Ammonium carbamate dissociate as :
$N{H}_{2}COON{H}_4\left(s\right)\rightleftharpoons 2N{H}_3\left(g\right)+C{O}_2\left(g\right)$;
In a closed vessel containing ammonium carbamate in equilibrium, ammonia is added such that partial pressure of $N{H}_3$ now equals to original total pressure. The ratio of total pressure now to the original pressure is $x$, then find the value of $\frac{3^4}{31}\times x$.

Answer 1

Consider the original equilibrium.
The decomposition of one mole of ammonium carbamate gives 2 moles of ammonia and 1 mole of $C{O}_2$. The mole fractions of ammonia and $C{O}_2$ will be $\frac{2}{3}$ and $\frac{1}{3}$ respectively. If P is the total pressure, then the partial pressures of ammonia and $C{O}_2$ will be $\frac{2}{3}P$ and $\frac{1}{3}P$ respectively.
The equilibrium constant will be $K_p=P_{N{H}_3}^2{P}_{C{O}_2}=(\frac{2}{3}P{)}^2\times (\frac{1}{3}P)=\frac{4}{27}{P}^3$
Now ammonia is added.
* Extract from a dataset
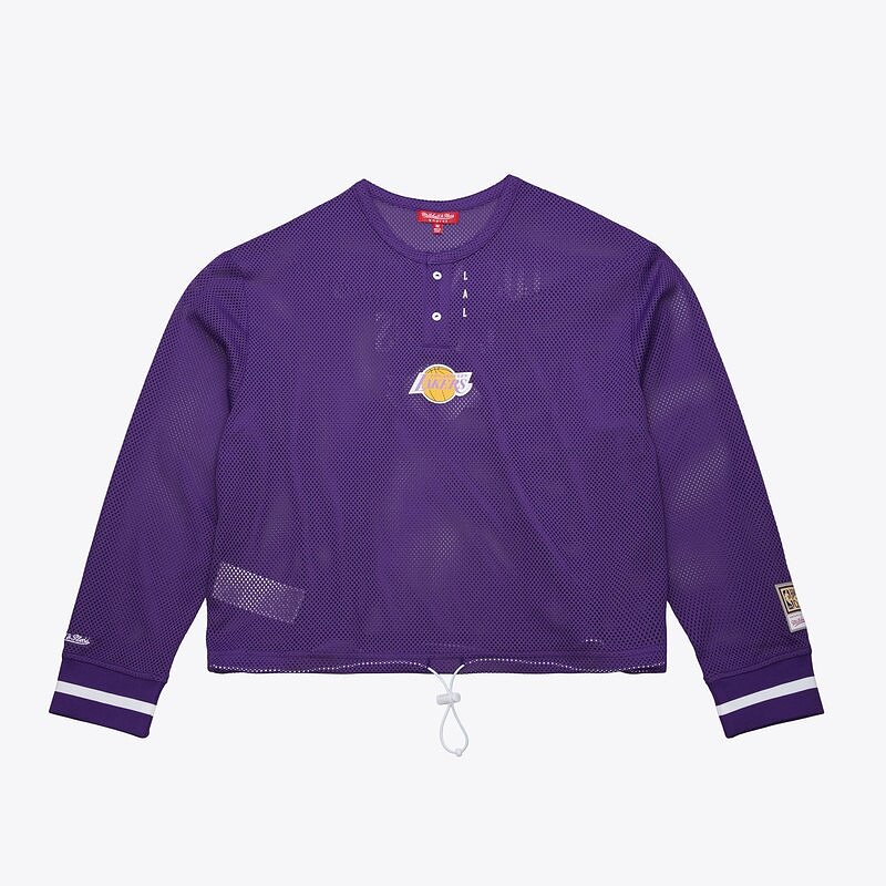 Mitchell&Ness长袖T恤掘金勇士湖人潮流网眼印花轻薄透气罩衫女MN

The partial pressure of ammonia becomes P. The partial pressure of $C{O}_2$ is calculated below.
$\frac{4}{27}{P}^3=P^2\times P_{C{O}_2}$
$P_{C{O}_2}=\frac{4}{27}P$
The total pressure will be $P_T=P+\frac{4}{27}P=\frac{31}{27}P$
The ratio of total pressure now to the original pressure
$\frac{P_T}{P}=\frac{\frac{31}{27}P}{P}=\frac{31}{27}$

Hence, $\frac{31}{27}\times \frac{3^4}{31}=3$